# Stroller?



## KyleRJ87 (4 Sep 2018)

Hi folks, I was selecting a stroller for my 1-year-old daughter and decided to post here and take advantage of the of your folks experience. I'm almost 100% sure, that I'll go with one of Thule strollers, as I've got a bike rach and a roof-mounted cargo box, which I am happy about. Yet, I've never dealt with a stroller by myself, that's why I want to be sure that I am buying a good thing. My first concern is safety, as she is very little. I've read about these strollers and in youtube reviews people say that they are fine... but what about the reality? Also, are there any legal restrictions for the strollers (kid's age, weight, bike specs, etc.)?


----------



## Sixmile (4 Sep 2018)

Can I take it that you're looking a bike trailer or have I got it all wrong? If it is a trailer you're looking...

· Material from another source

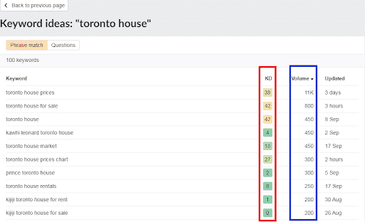 Of course, you’ll also want to find keywords that are relevant. The term “prince toronto house” has a great KD/volume ratio, but it has almost nothing to do with real estate. You might still be able to use it to your advantage, though - more on that in the “Content” section.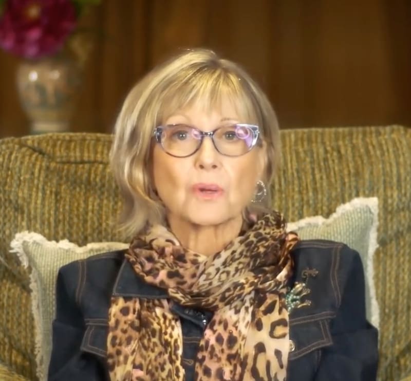 La actriz apareció en el corto clip con una chamarra de mezclilla, una pashmina de animal print y unos lentes de pasta con un aspecto relajado y saludable, sentada en un sillón verde.

As you can see from my avatar, I have a trailer and am in my 3rd summer of using it with two kids. It's been a fantastic purchase and it has been worth every penny. I had initially purchased a pretty cheap jobby but after one run realised that it wasn't going to cut it. After A LOT of looking around I settled on the Croozer Kid for 2. It hasn't missed a beat, it is really sturdy, waterproof, comfortable with loads of storage room. The fact that it came with all the bits to make it into what I would call a stroller and also with a smaller pram wheel meant that it covered us for so many angles.


----------



## KyleRJ87 (5 Sep 2018)

I appreciate your reply, man. Yes, that's exactly what I meant. And if you've been using it for almost 3 years and you love it, I believe we badly need 1 for our daughter, as with time such rides will be even more fun for her! I will definitely look into the Croozer Kid, even though I thought I have already made a decision on what brand we'll stick to. 
Thule Chariot Cheetah XT and Thule - Coaster XT
I was selecting between these 2, but as for now I know way less about these strollers than I wanted to.


----------



## Sixmile (6 Sep 2018)

I don't really know too much about the Thule stuff apart from they are double the price of the Croozers and a lady once talked to us when she seen us with the trailer and said that she had a Chariot and really wished that she had went for the Croozer instead. Also, that wasn't in response to just looking at ours. I think the Thule ones come with suspension possibly but I can't say having no suspension has ever been an issue for us, even when fully loaded. The space in the Croozer is what really sold it to us, we've done camping trips and week long tours in it.


----------